No se debe resignar ante la muerte, menos cuando esta es el instrumento de un plan que busca arrebatar la vida, la esperanza y la conciencia a un pueblo entero; no abandono al olvido a las víctimas, a la bala que mató a Jorge Tortoza ni al tiro que le quitó el andar a Jorge Recio, ni a los héroes y heroínas que murieron con un tiro en la cabeza defendiendo con sus cuerpos su esperanza en Puente Llaguno y la Baralt. No olvidaré el trágico infortunio de ciudadanos anónimos, inocentes, de uno y otro lado, sacrificados en el altar de la conspiración.
No olvido cada minuto de sufrimiento, de incertidumbre, de temor que asaltó el corazón de las y los venezolanas en aquella breves y aciagas horas. No olvido el rostro del fascismo al que le vimos la cara de frente, y sabemos desde entonces dónde habita, dónde oculta sus huesos y sus puñales.
Y si fueron breves los crímenes y extenso el dolor, queda en la memoria el despertar luminoso, la mañana brillante del 13 que siguió a la oscuridad. Las marchas, los gritos callejeros, la indignación, la alegría y la rabia movilizados por carreteras y caminos. Las motos, autobuses y camiones en donde viajaron las consignas, las caminatas que llevaron a pie el grito indignado del pueblo.
Lo que queda de la brevedad del 11 y 12 de abril es la gesta heroica del 13, la del pueblo humilde, descamisado, invisibilizado, el actor histórico que Chávez hizo entrar a la Historia, y la forma en que -en medio del dolor- el pueblo se apropió de ésta para nunca más salir de allí.

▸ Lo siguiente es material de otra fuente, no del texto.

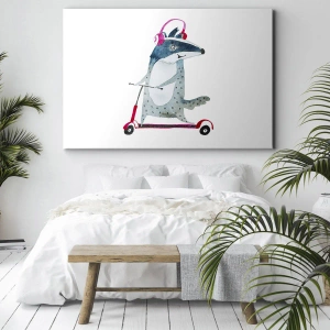 - Uma pintura representando um texugo em uma scooter usando fones de ouvido rosa. Uma decoração divertida que traz humor e alegria a qualquer ambiente.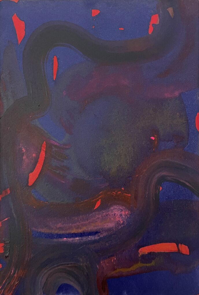 La nuit, l’oeil et l’ouïe peignent leur propre paysage : dans des teintes bleues, roses et violettes. Bettina Marx capture ces paysages. Sur tissus, papier et bois. Des matériaux qui forment des volumes, mais qui sont néanmoins mobiles. En tant que peintre, elle se déplace en premier lieu sur une surface, une surface sur laquelle elle empile des éléments minuscules. Elle peint des détails abstraits qui se densifient, remplissent ainsi toute la surface. Elle découvre ces fragments dans le paysage nocturne qui l’entoure et les transporte dans l’espace à travers lequel les observateur.ices se déplacent. À partir d’éléments abstraits et de détails en surface, une végétation autonome se développe, un fourré de structures se forme.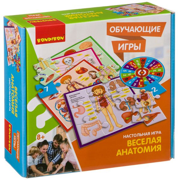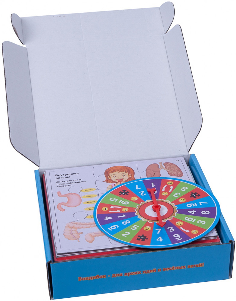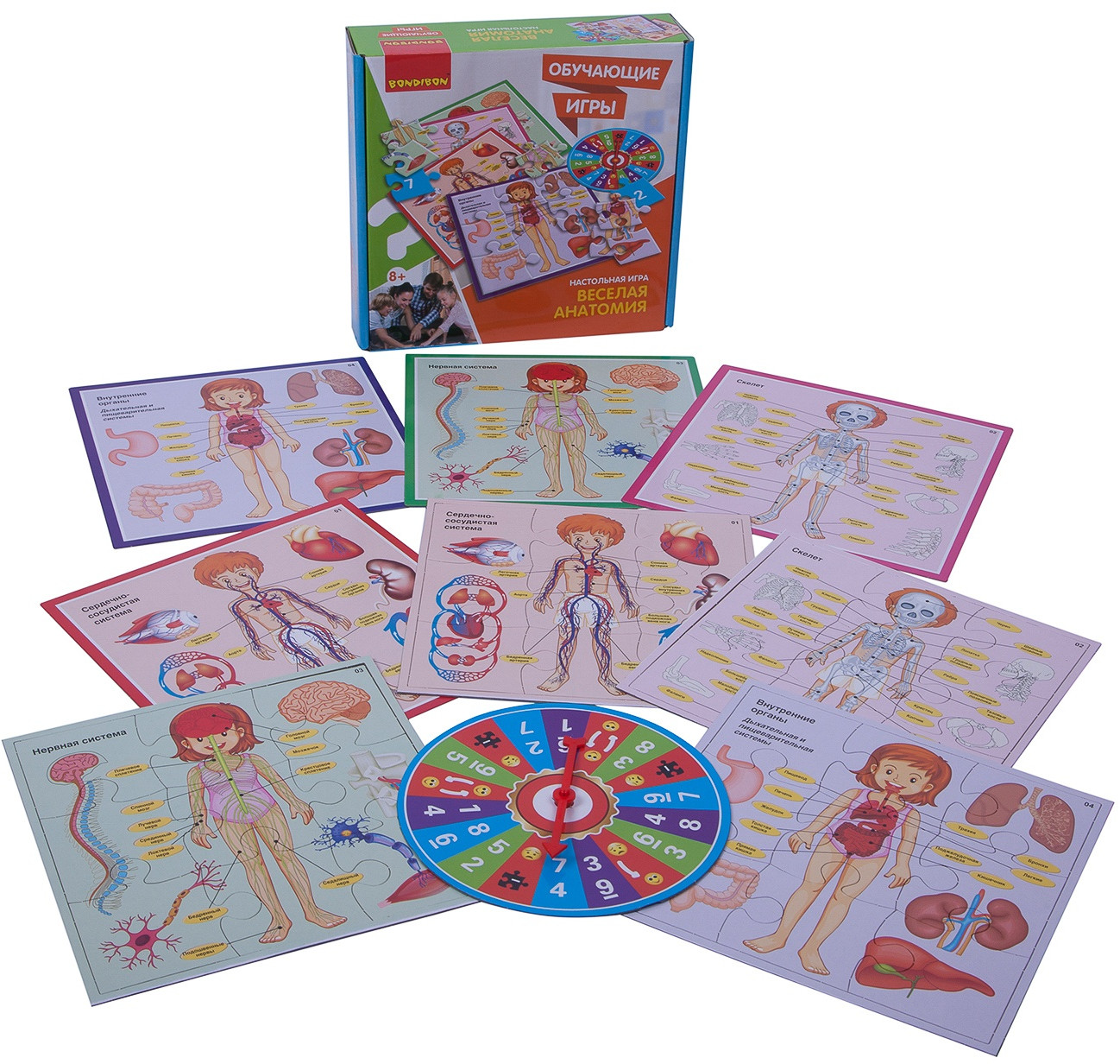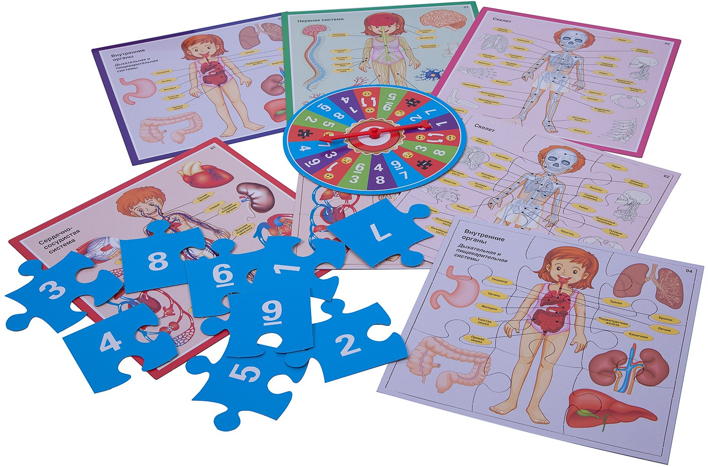 Веселая анатомия — отличный способ провести первое знакомство ребенка со строением человеческого организма. Перед началом игры каждый игрок выбирает одну из 4 анатомических схем. Разложите все пазлы в центре стола цифрами вверх.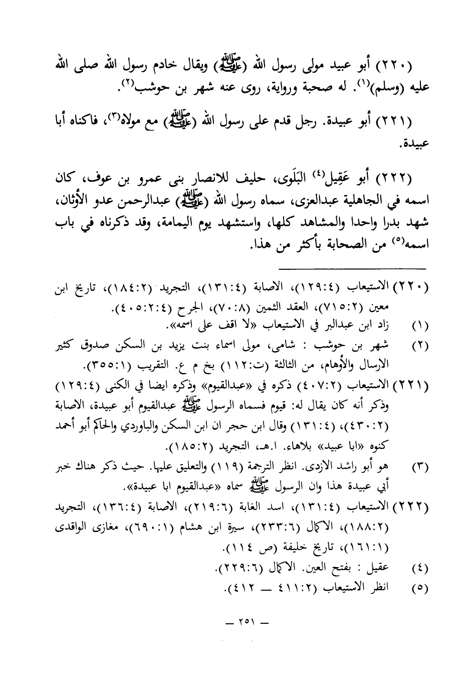 220 - الاستيعاب (4: 129)، الإصابة (4: 131)، التجريد (2: 184)، تاريخ ابن معين (2: 715)، العقد الثمين (8: 70)، الجرح (4: 2: 405).
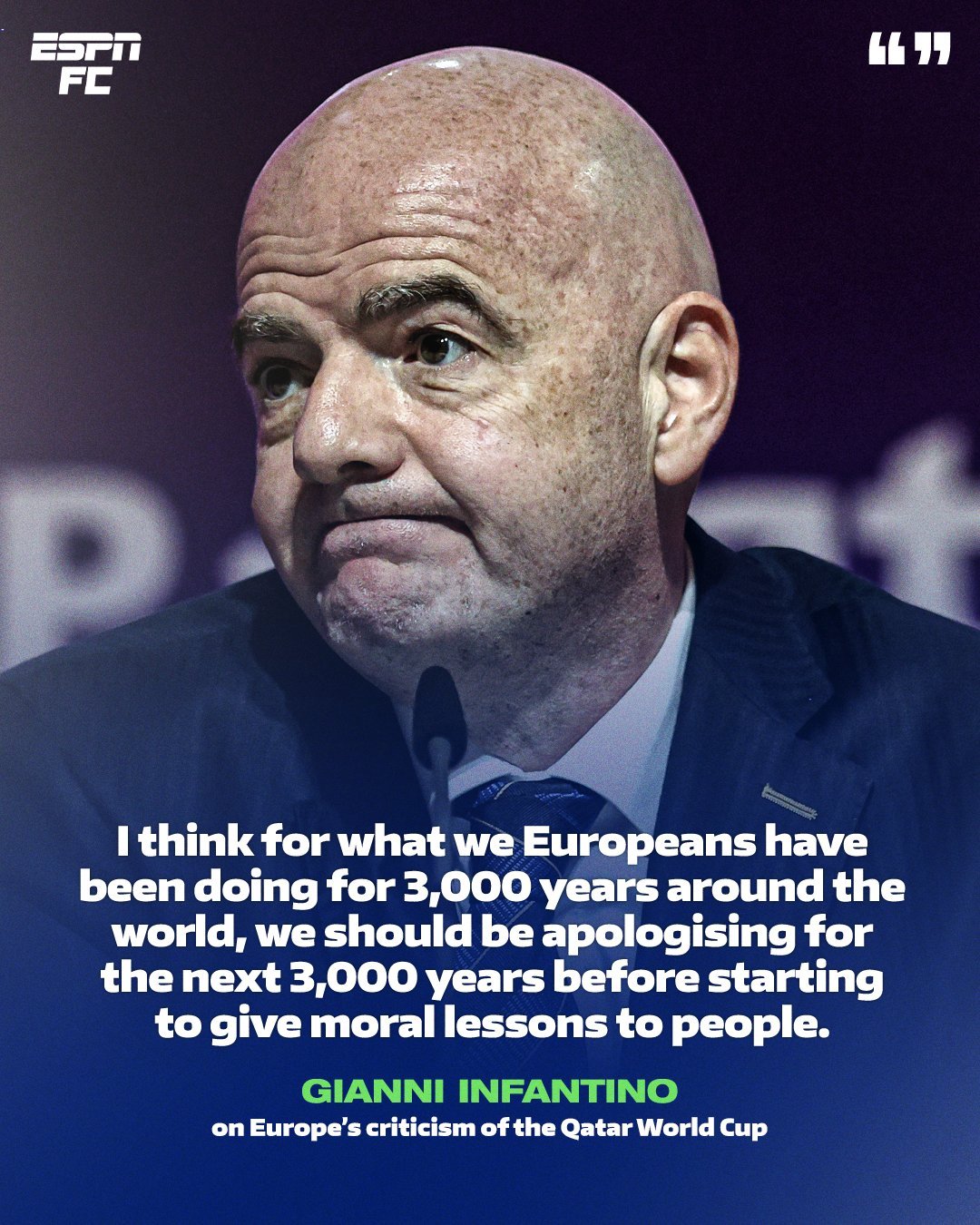 Ante unos 400 periodistas reunidos en el espectacular anfiteatro del centro de prensa del Mundial, el mandamás de FIFA señaló: “Las críticas por el Mundial son hipócritas. Por lo que los europeos hemos hecho durante los últimos 3.000 años deberíamos estar pidiendo perdón los próximos 3.000 antes de dar lecciones de moral a los otros. Estas lecciones de moral son simplemente hipocresía”.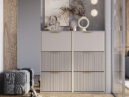 Удобная и стильная обувница «Пандора» может стать незаменимой частью вашей прихожей. Трендовые МДФ-фасады с декоративной вертикальной фрезеровкой – продолжение индивидуальности коллекции.
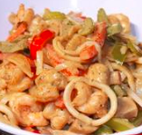 Sopa tailandesa a base de mariscos y noodles, con un toque picante.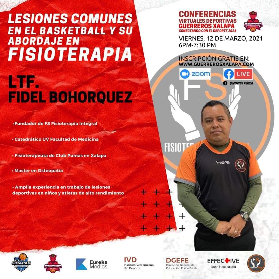 La conferencia la ofrece el Club de Basquetbol Guerreros de Xalapa y se denomina: LESIONES COMUNES EN EL BÁSQUETBOL Y SU ABORDAJE EN FISIOTERAPIA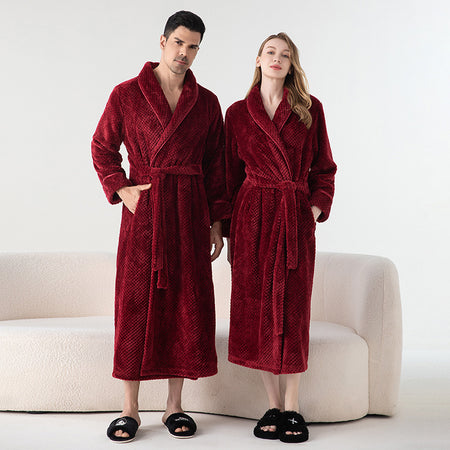Men’s Fleece-Lined Thick Bathrobe – Warm Autumn Winter Robe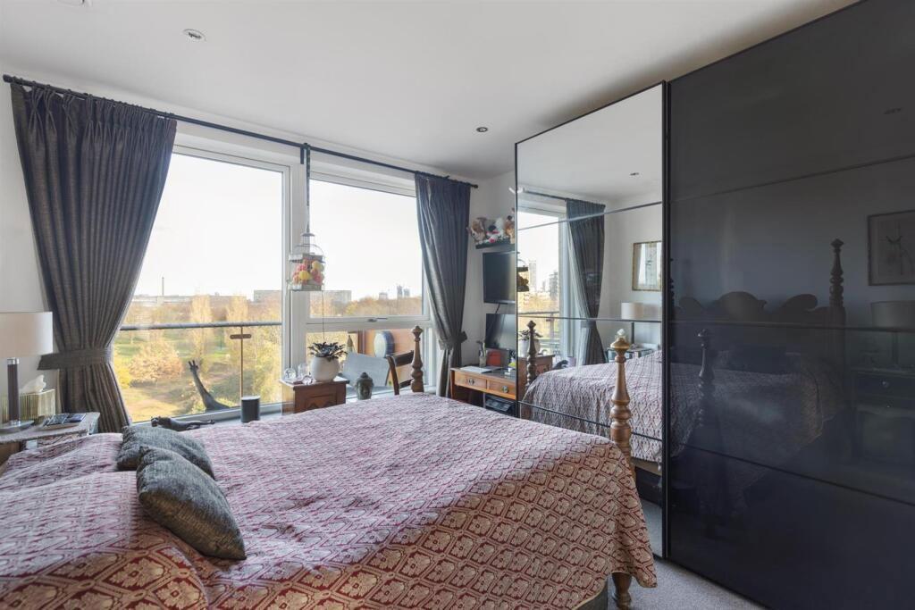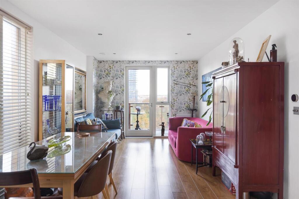 Set on the fourth floor of an attractive modern development and spanning 773 sq ft, this bright and spacious home offers a dual-aspect living area with floor-to-ceiling windows that open onto a large private balcony. The contemporary kitchen includes integrated appliances and a sleek pale-blue tiled splashback.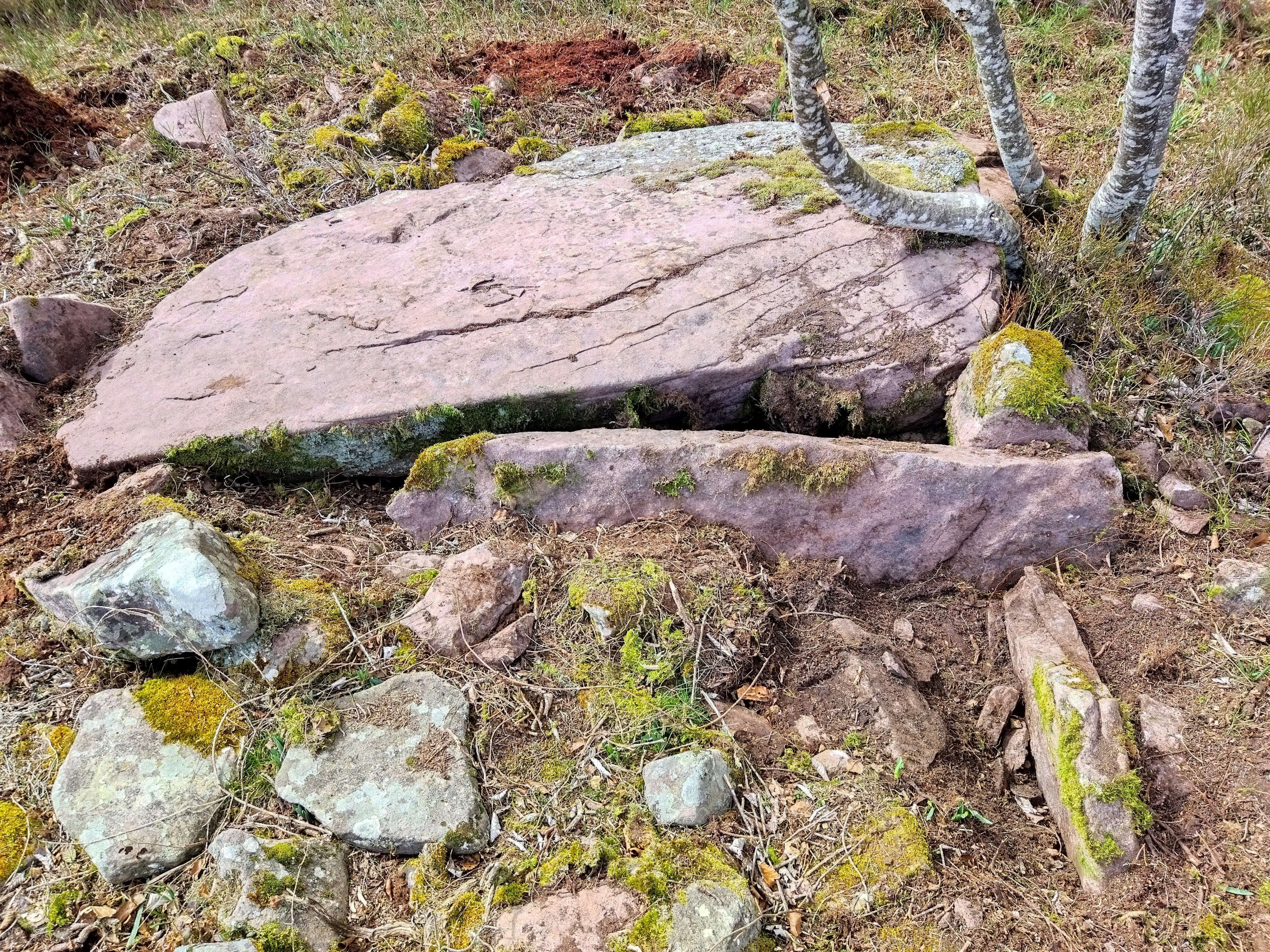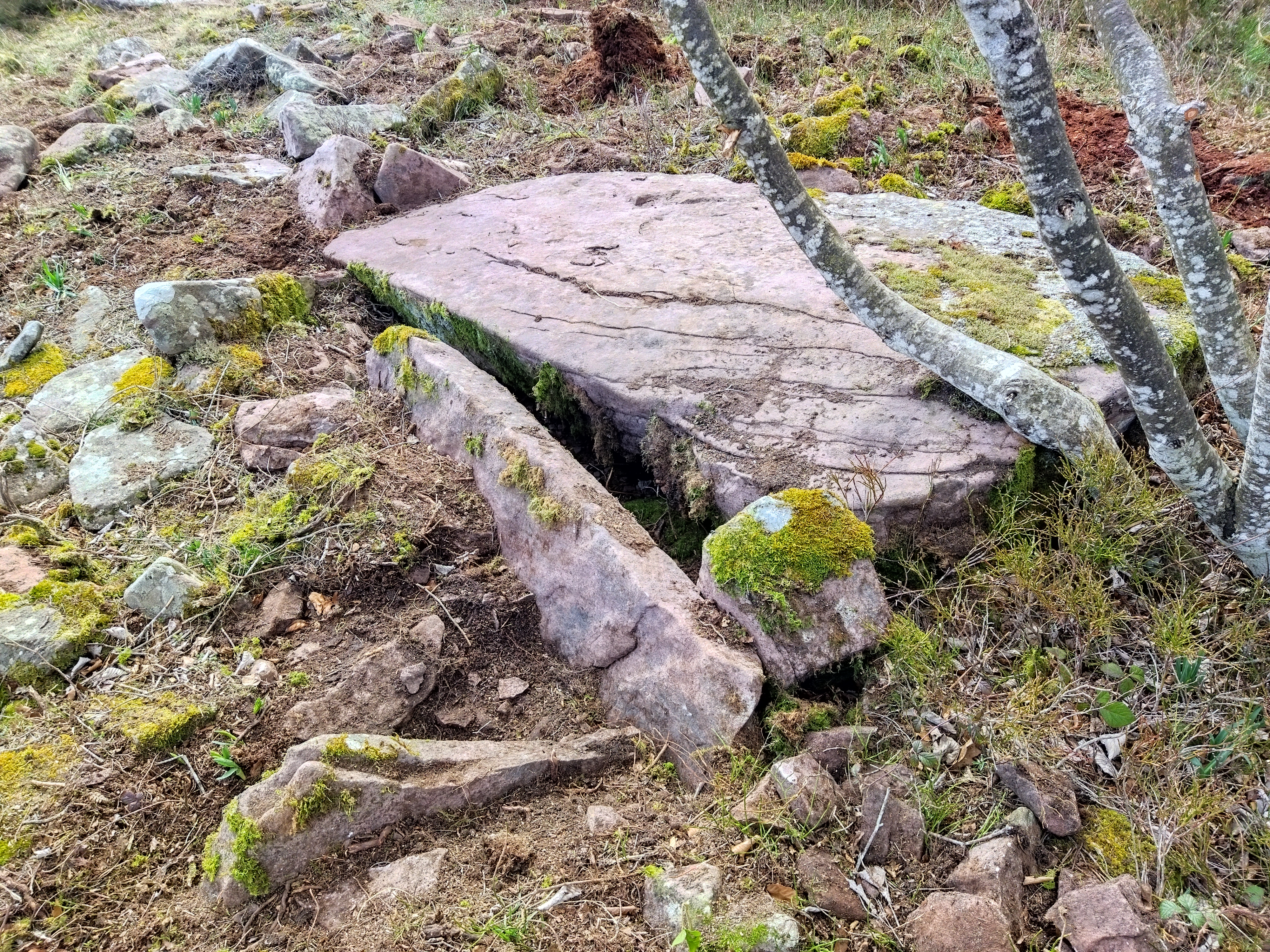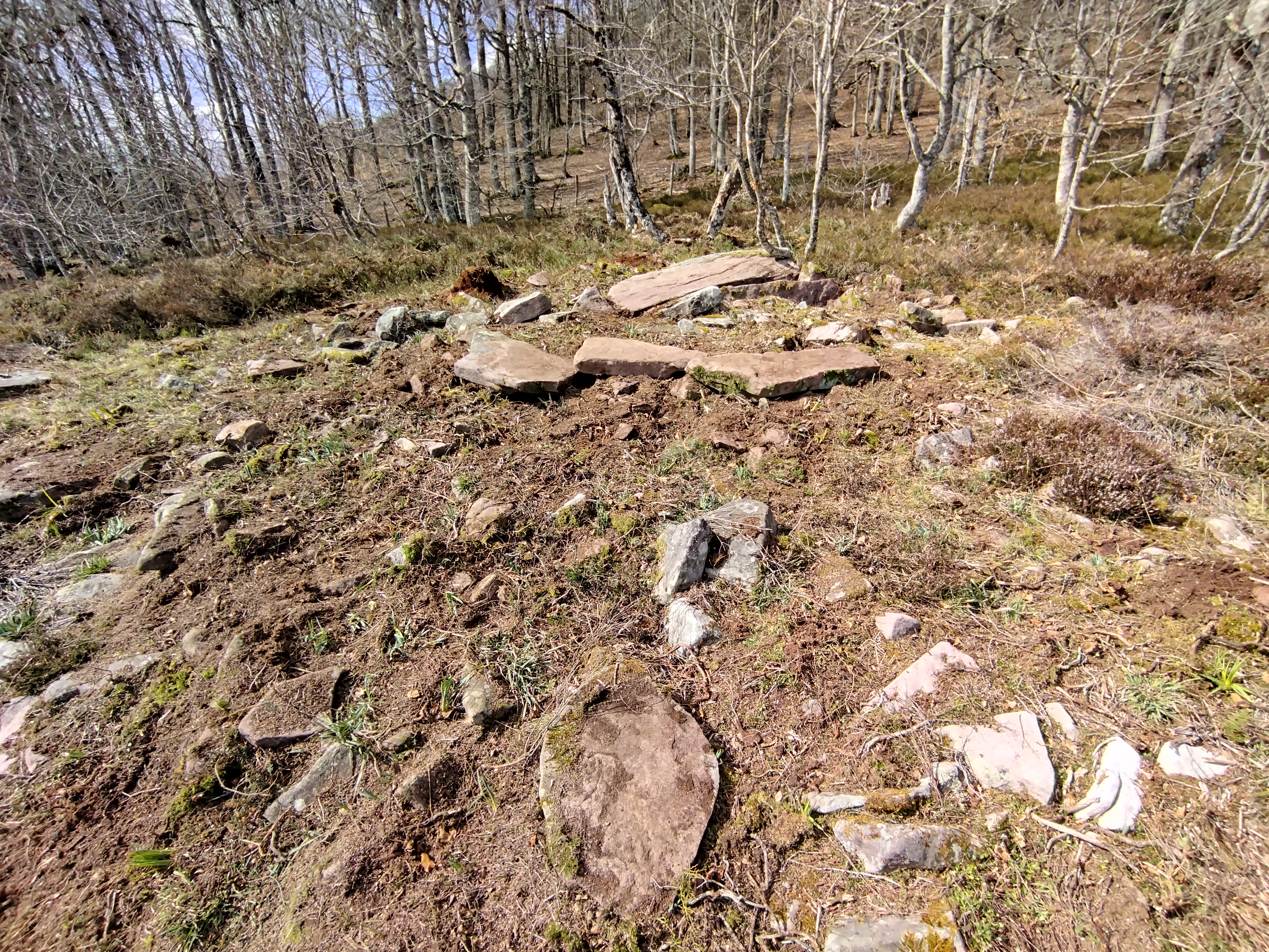 Tumuluaren erdialdean bi harlauza ageri dira eskuairan eta haien alboan estalkia. Tumuluaren gainean beste harlauza batzuk etzanda agertzen dira.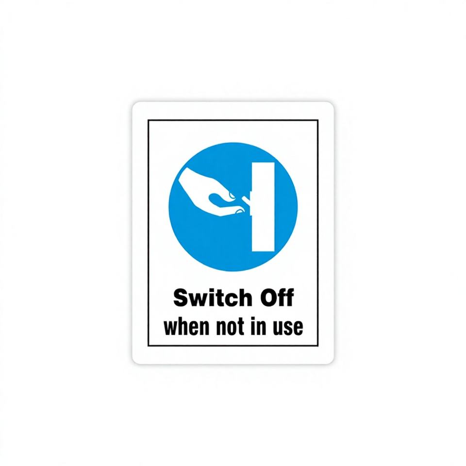 ปิดสวิตช์เมื่อไม่ใช้งาน ป้ายสติกเกอร์กาวกันน้ำพร้อมคำแนะนำด้านความปลอดภัยทางไฟฟ้า ผิวด้าน

Será siempre breve el 11, aún más breve el 12, y profundo en la memoria quedarán el 13 y lo que vino después. La certeza de que solo el pueblo puede salvar al pueblo. La serena conciencia de que -pese a todo- la vida puede vencer la muerte. Y sólo por eso vale la pena vivir.
Por ello, esta historia no termina en la brevedad de unos hechos que algunos quieren olvidar y otros han ido olvidando; es vital impregnar de recuerdos la conciencia nacional y que el tiempo se encargue de cimentarla, de escribirla en piedra. Para que nunca más haya un 11 de abril. Ya habrá tiempo para morir como hombres y mujeres, pero aún hoy, 21 años después, no es tiempo para que muera un pueblo que decidió vivir.
Es esta la historia y breve y no tan breve de unos días de intensidad inenarrable, una historia que renace cada año y nos alumbra como un sol de esperanza, como una llama que quema la conciencia y un torbellino que sacude las almas.
Historia en la que siempre habrá febreros y abriles.